On Fear and True Courage: Being Brave is Daily Mission
“We must have courage to bet on our ideas, to take the calculated risk, and to act. Everyday living requires courage if life is to be effective and bring happiness”, observes Maxwell Maltz, author of Psycho-Cybernetics.
However, sometimes fear gets in the way of being brave and, as the result, being truly happy.
Greek philosopher and scientist Aristotle (384-322) argued many truths of life. He observed that fear and courage have many faces. In a book On Man In The Universe (1943), published by Classics Club and edited by Louise Ropes Loomis, the philosopher of timeless observations writes:
“To the brave man courage is noble”, writes Aristotle and observes that a man, who excessively displays a foolish acts of courage is a foolhardy. Philosopher also notes, “most foolhardy people are cowards at heart”, although they show acts of fierce braveness whenever they feel safe, they do not face real terrors.
Courage is the silent quality of mind that enables a person to face difficulty and danger, it does not require attention. And according to the philosopher, it’s not possible without some sort of confidence. “Courage then, as has been said, is a mean state with regard to things that cause confidence or fear in this circumstances described. It chooses action or endures pain because it is honorable to do so…” believes Aristotle.

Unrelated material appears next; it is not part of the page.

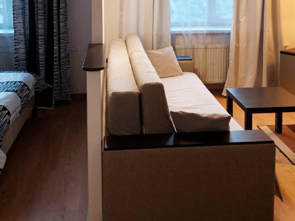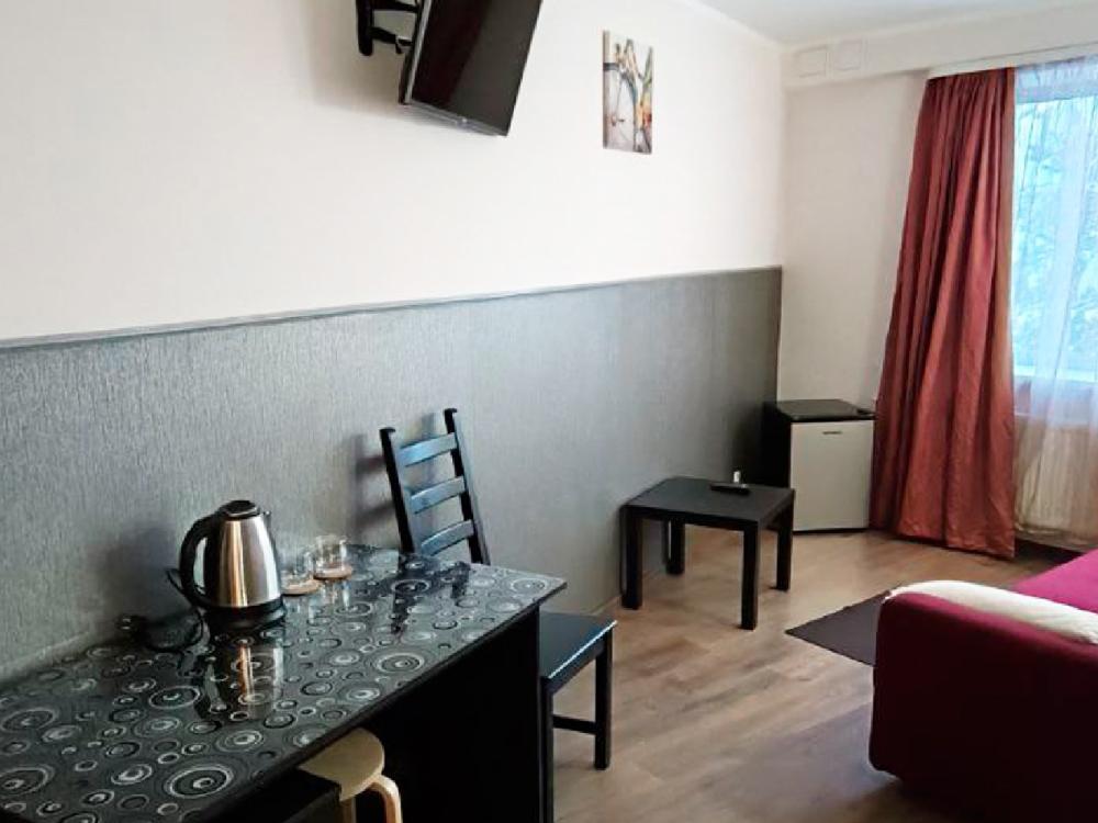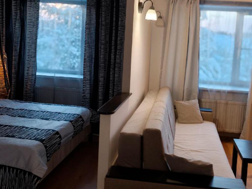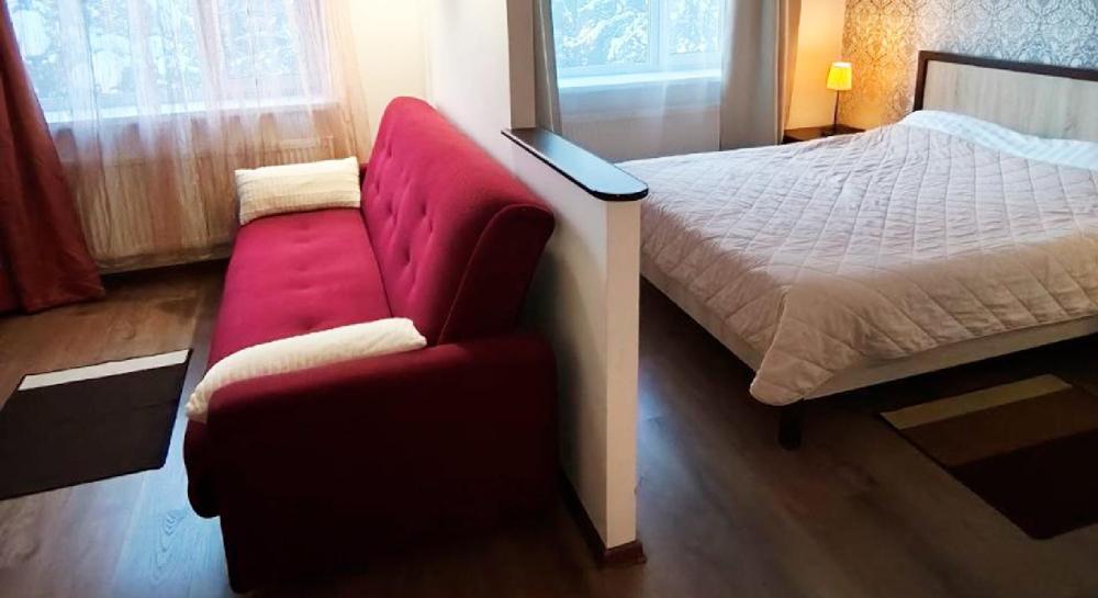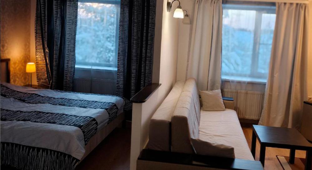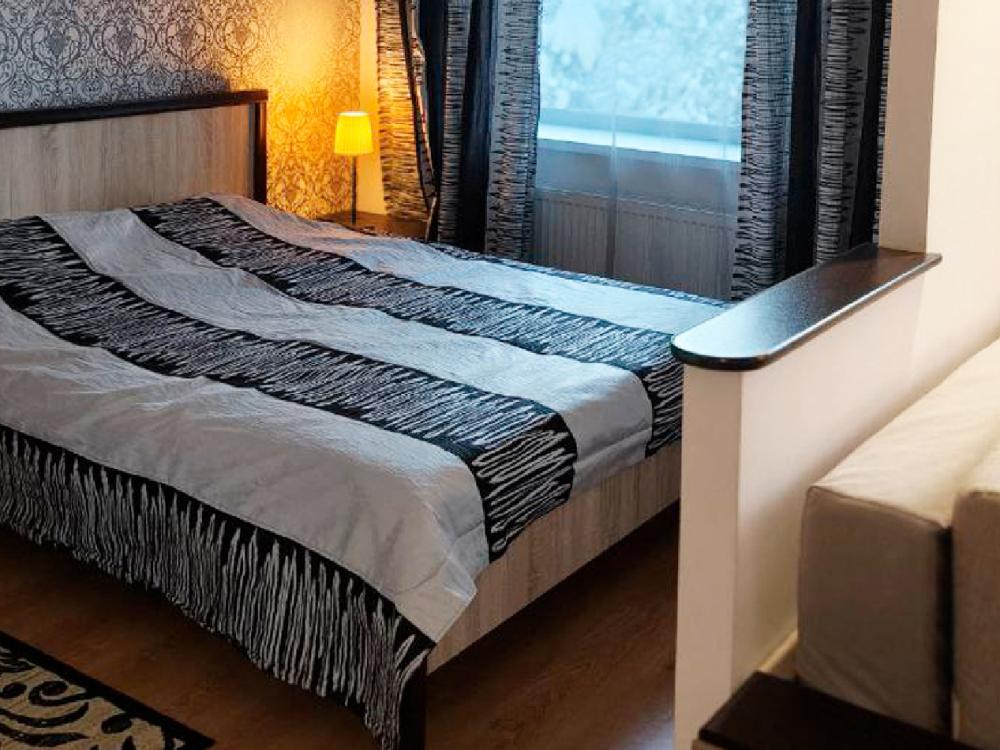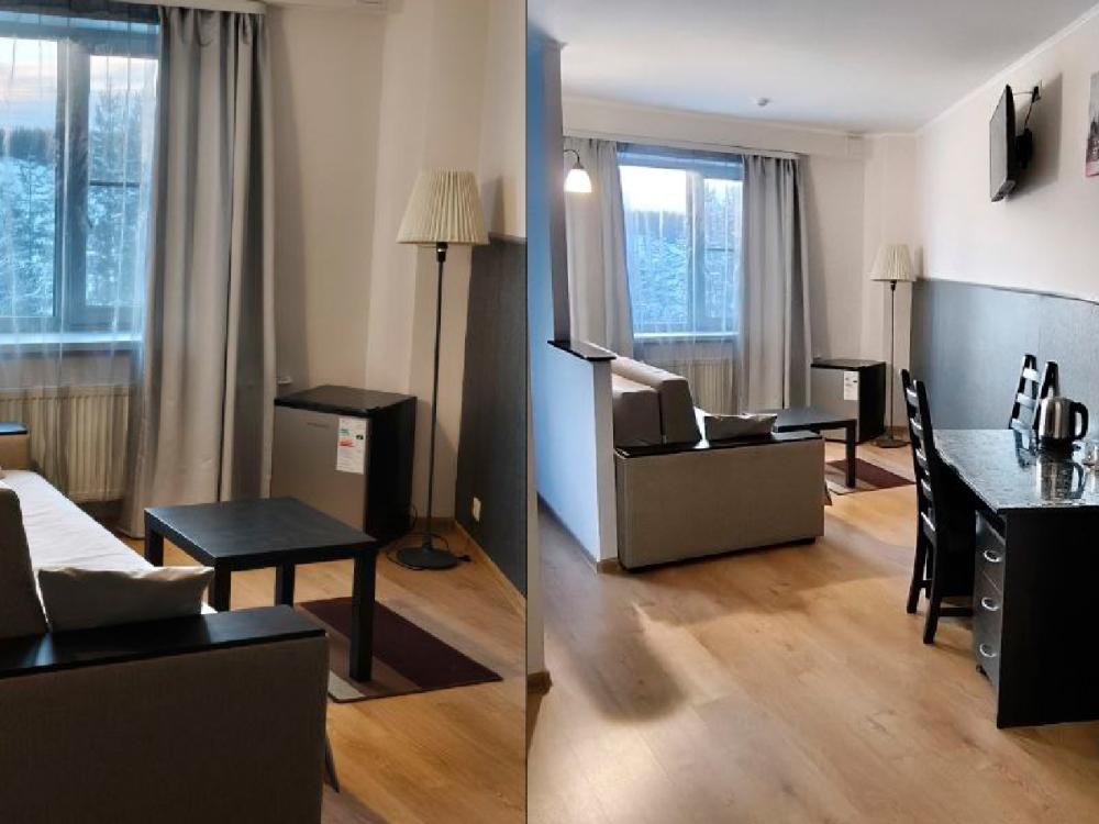 Номер люкс- однокомнатный, но просторный с номер с перегородкой , оснащенный современной удобной мебелью и сантехникой, площадью 37 кв.м. В номере этой категории – одна широкая двуспальная кровать, а также комфортабельный раскладывающийся диван, который можно использовать в качество дополнительного спального места телевизор, холодильник, стол, стулья, полки, тумбы, шкаф для одежды и багажа, душевая, санузел, а также полотенца, банные и косметические принадлежности. Из окна номера открывается чудесный вид на могущественные карельские ели-великаны. Номера расположены на 2- м этаже отеля. Подходит для размещения командировочных, семейных пар, компаний друзей, а также семей с детьми.

Modern age author and poet Maya Angelou (April 4, 1928 – May 28, 2014) also spoke up on the need of courage in one of her conferences. She believes that out of evil there can come good.
Maya Angelou in the conference said:
Another American author and public speaker Brene Brown in her book The Gifts of Imperfection complements the idea of the need to practice the courage daily for it to really succeed. Author observes, “Courage is… a habit, a virtue: You get it by courageous acts. It’s like you learn to swim by swimming. You learn courage by couraging.”
Though often courage is analyzed from philosophical point of view, it’s important to know that it is a psychological muscle. And muscles need to be trained. When it comes to “how to train it”, the simple tricks work. One of them is having overall clarity, and not being afraid of new experiences, even bad ones. Doing something outside the comfort zone also helps. Waving at strangers, for instance, increases the levels of confidence and goodness, and as the result produces courage.
As art is a product of experience, the courage is a by-product of goodness, positivity and faith. Maintaining the right kind of positive thinking and possessing high moral standards is the foundation for a courageous mindset and brave heart.